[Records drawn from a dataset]
+ + + + + + +

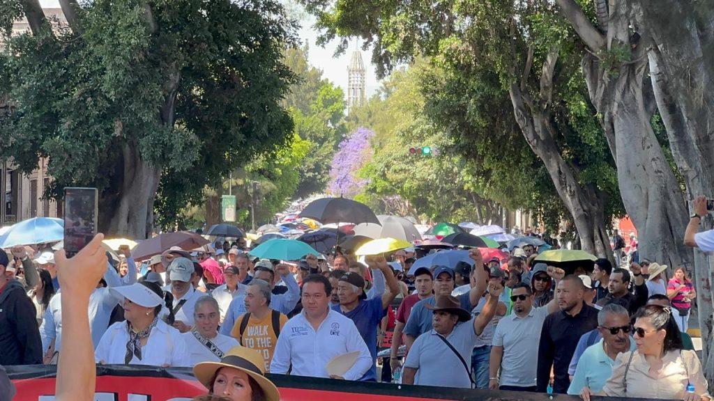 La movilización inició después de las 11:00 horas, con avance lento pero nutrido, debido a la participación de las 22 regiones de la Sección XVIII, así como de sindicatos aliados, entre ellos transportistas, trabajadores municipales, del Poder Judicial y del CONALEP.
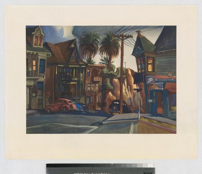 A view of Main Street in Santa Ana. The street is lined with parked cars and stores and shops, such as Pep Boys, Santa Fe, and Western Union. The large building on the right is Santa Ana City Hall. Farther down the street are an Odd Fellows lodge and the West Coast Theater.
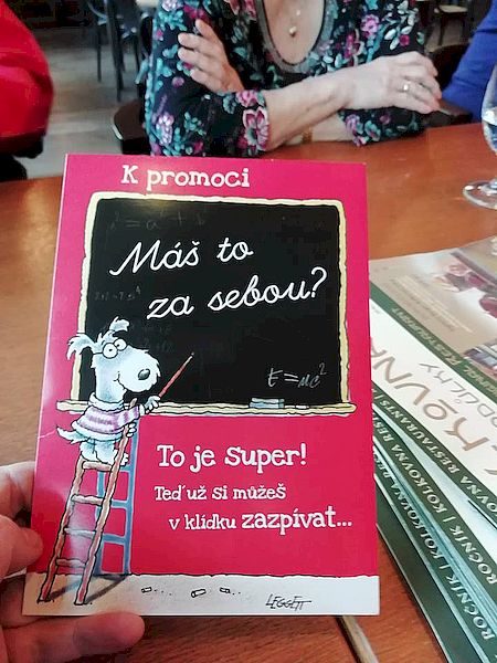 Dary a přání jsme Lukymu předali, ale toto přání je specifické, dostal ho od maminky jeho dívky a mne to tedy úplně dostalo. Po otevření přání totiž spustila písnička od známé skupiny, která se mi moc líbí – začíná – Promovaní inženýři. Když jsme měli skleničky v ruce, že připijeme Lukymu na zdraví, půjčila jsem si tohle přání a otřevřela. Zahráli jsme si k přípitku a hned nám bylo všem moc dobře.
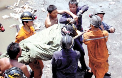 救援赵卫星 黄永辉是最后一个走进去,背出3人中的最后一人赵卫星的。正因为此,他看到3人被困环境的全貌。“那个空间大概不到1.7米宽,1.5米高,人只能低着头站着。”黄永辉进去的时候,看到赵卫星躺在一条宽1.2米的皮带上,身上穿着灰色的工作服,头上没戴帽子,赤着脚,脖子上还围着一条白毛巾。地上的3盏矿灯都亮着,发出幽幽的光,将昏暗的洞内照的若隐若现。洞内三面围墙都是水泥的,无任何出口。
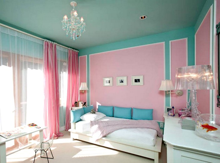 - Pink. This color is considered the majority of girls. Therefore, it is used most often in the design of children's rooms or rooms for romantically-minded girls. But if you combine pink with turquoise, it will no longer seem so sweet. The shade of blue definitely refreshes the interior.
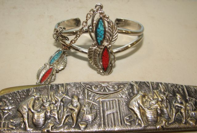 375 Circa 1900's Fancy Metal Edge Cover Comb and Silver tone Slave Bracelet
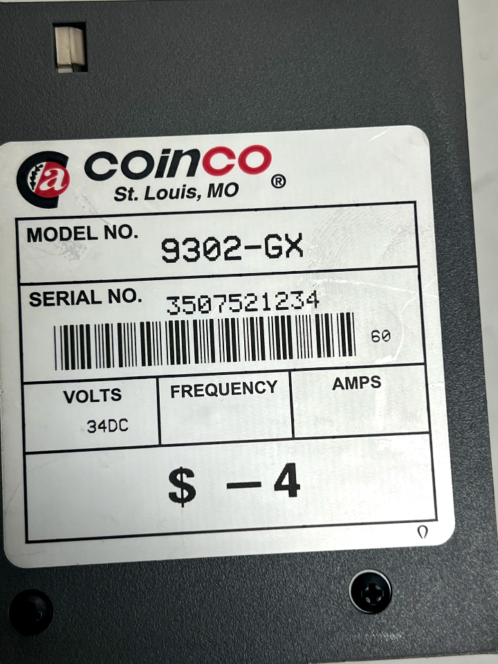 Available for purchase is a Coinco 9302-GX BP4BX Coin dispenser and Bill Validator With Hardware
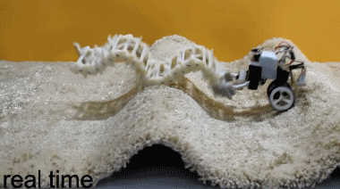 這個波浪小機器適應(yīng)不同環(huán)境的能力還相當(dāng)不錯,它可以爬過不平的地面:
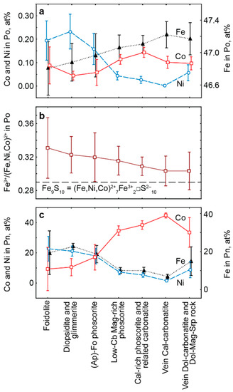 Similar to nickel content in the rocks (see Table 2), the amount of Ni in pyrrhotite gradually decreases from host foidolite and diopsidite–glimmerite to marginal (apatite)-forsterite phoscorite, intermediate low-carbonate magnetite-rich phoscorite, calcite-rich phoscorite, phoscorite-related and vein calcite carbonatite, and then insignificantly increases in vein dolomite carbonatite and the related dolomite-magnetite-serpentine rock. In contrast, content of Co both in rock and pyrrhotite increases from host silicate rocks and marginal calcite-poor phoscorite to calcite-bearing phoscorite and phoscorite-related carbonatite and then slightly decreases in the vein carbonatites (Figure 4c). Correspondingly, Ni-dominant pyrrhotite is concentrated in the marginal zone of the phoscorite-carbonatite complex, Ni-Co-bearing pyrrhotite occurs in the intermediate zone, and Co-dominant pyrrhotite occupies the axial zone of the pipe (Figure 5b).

+ + + + + + +

### Task objective
Nothing but the lines from the start of the records through the line holding "A view of Main" should be printed, exactly as written and with the pictures left out.

### Output of the task
 La movilización inició después de las 11:00 horas, con avance lento pero nutrido, debido a la participación de las 22 regiones de la Sección XVIII, así como de sindicatos aliados, entre ellos transportistas, trabajadores municipales, del Poder Judicial y del CONALEP.
 A view of Main Street in Santa Ana. The street is lined with parked cars and stores and shops, such as Pep Boys, Santa Fe, and Western Union. The large building on the right is Santa Ana City Hall. Farther down the street are an Odd Fellows lodge and the West Coast Theater.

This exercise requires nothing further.